_WHAT TO WORK ON:_
Without the images, write out the whole listing exactly.

(Beginning of EXERCISE DATA)

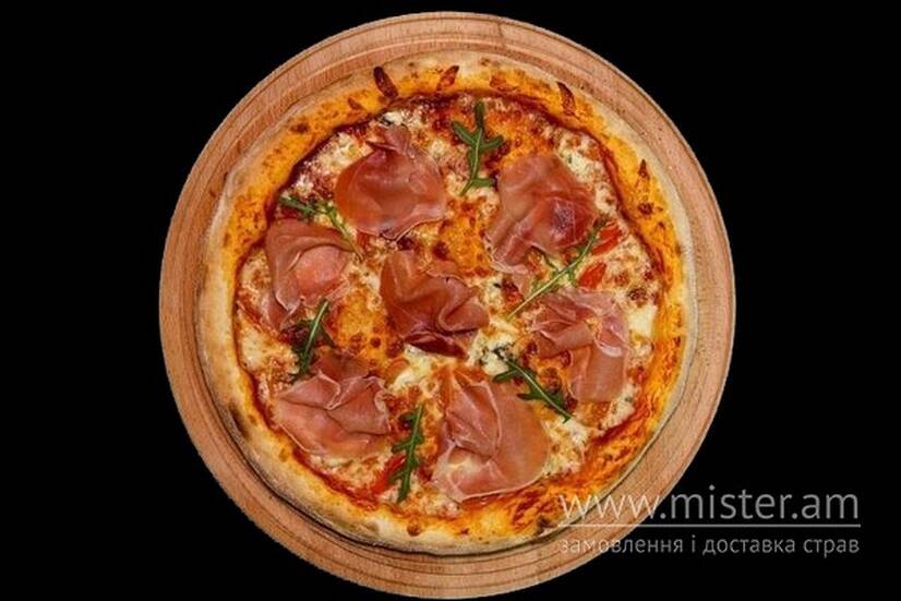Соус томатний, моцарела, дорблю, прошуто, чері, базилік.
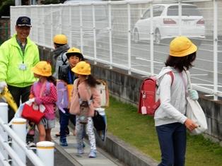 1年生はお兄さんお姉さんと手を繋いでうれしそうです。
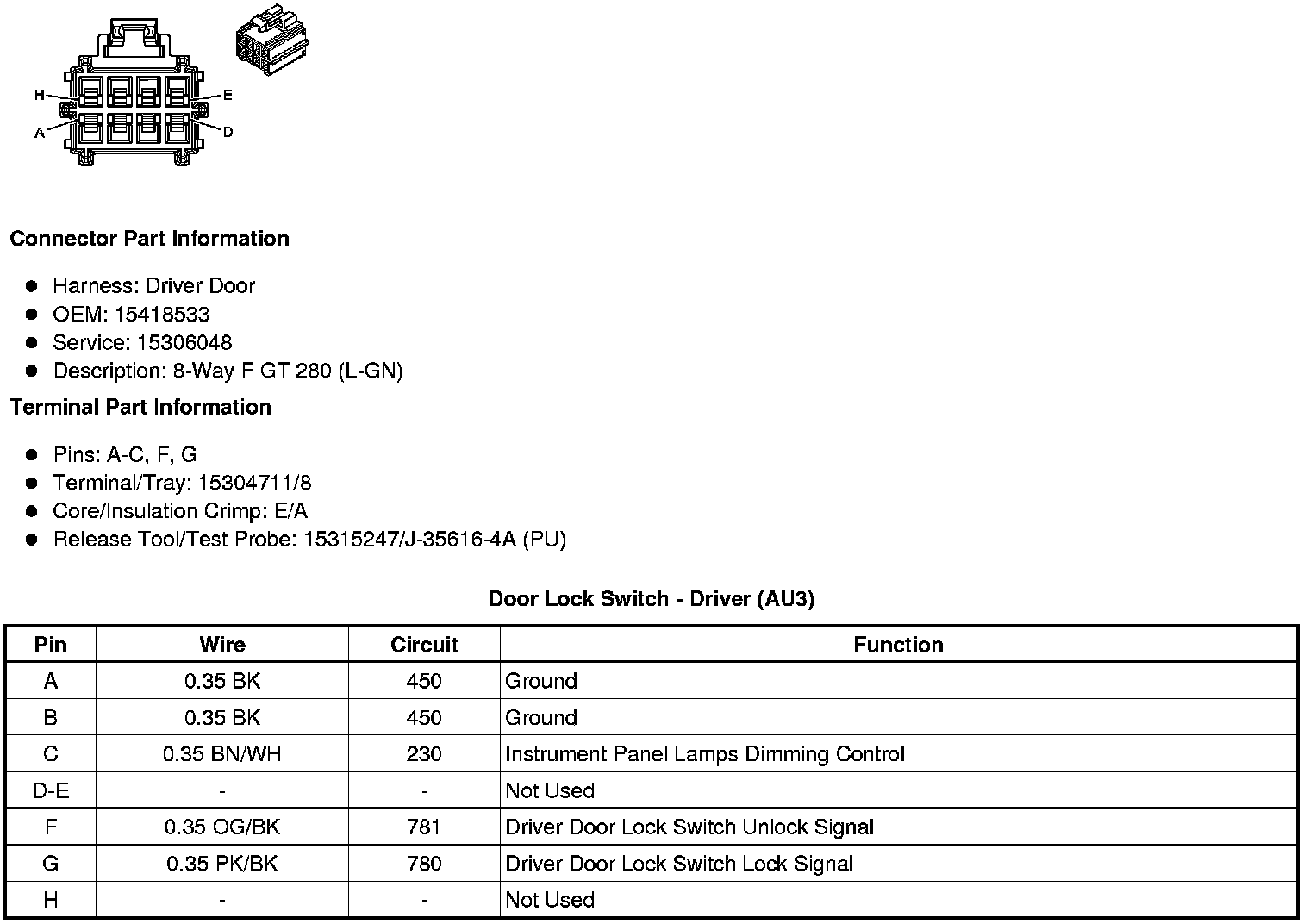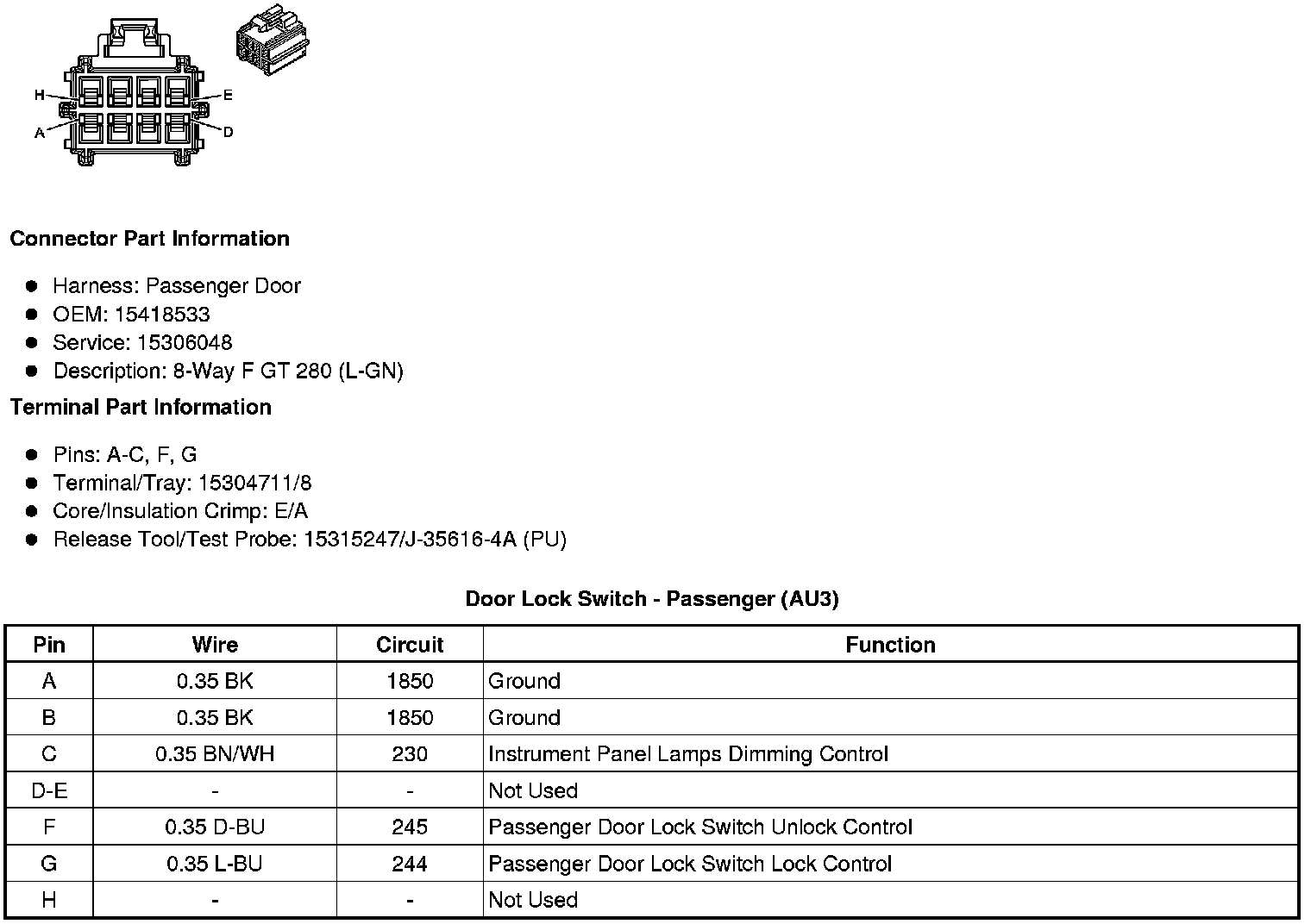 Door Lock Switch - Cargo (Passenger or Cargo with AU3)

(End of EXERCISE DATA)

_RESPONSE AREA:_
Соус томатний, моцарела, дорблю, прошуто, чері, базилік.
 1年生はお兄さんお姉さんと手を繋いでうれしそうです。
 Door Lock Switch - Cargo (Passenger or Cargo with AU3)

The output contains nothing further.